Éléments de culture arabe destinés à l’Homme blanc occidental : Al-H’udaybiyah

Mahomet à Médine, d'après une miniature persane, vers 1030 (BN)
Mahomet à Médine, d'après une miniature persane, vers 1030 (BN)

1. Faire connaissance avec al-H’udaybiyah

Chaque civilisation possède sa propre culture. Elle est basée sur la foi de ses habitants, leurs croyances, leurs mœurs et leurs coutumes. Lorsqu’un businessman désire faire des affaires en Extrême-Orient au Japon ou en Chine, on lui précise au préalable les paroles à ne pas dire, les gestes à ne pas faire. L’homme d’affaire occidental aura appris à ses dépens qu’un Chinois ne dit jamais non, sans signifier pour autant que la réponse n’est pas négative.

On dit que la manière de rentrer en affaires est différence en Occident et en Extrême-Orient. En Occident, on fait des affaires avec des inconnus puis avec le temps on devient amis. En Extrême-Orient, c’est l’inverse, on fait des affaires avec des amis et non pas avec des inconnus; il faut donc prendre le temps de devenir ami pour pouvoir faire des affaires. L’industriel occidental doit savoir décrypter la réponse de son interlocuteur non pas en fonction de sa propre perception, de la culture dont il est issu, mais en fonction de la culture de son interlocuteur. Il lui faut absolument éviter les malentendus causés par une mauvaise interprétation culturelle : n’est pas important ce que Jean dit dans sa langue mais ce que Marie ou Ahmad interprète dans la sienne.

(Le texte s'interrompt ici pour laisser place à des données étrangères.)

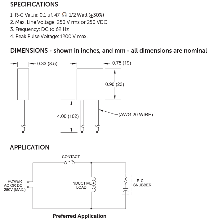 The R-C Snubber is intended to suppress the “inductive kick” from motors, solenoids or relay coils. High energy noise spikes are generated whenever current is interrupted through an inductive load. These noise spikes may interfere with associated equipment causing erratic operation and may also accelerate relay contact wear. Applied across an inductive load, the R-C snubber suppresses the noise spikes and extends contact life.

Dans la région du Moyen-Orient qui nous intéresse, 2 cultures se confrontent, celle des Juifs, apparentée à la culture occidentale, et celle du monde Arabe musulman. Chacune possède ses propres valeurs, ses coutumes, c’est tout un appareil de communication verbale et non verbale qui les diffère. Au contraire de ce qui a cours dans l’Europe athée, la religion dans cette région du monde est bien vivante, elle est vibrante et occupe une place importante dans la conduction des affaires tant nationales qu’internationales. Je renvoie le lecteur à un article de ce blog paru le 16 Janvier 2020 dont le but était d’aider l’Homme blanc Occidental à comprendre l’impeccable logique qui sous-tend la politique iranienne des Mollah.

Dans mon dernier blog du 24 Juillet dernier, je soulignais l’arrogance de l’Homme blanc occidental exprimé au travers de son désir d’imposer ses valeurs des Droits de l’Homme universels, valeurs catholiques (du grec katholikos, universel), au reste de la mosaïque des civilisations humaines, comme horizon indépassable de l’Humanité. Je pointais du doigt l’Homme blanc occidental athée répétant à l’identique l’effort de ses ancêtres chrétiens qui eurent pour but d’imposer le Christianisme aux continents autres que l’Europe, un autre horizon sublime et supposé indépassable de la pensée.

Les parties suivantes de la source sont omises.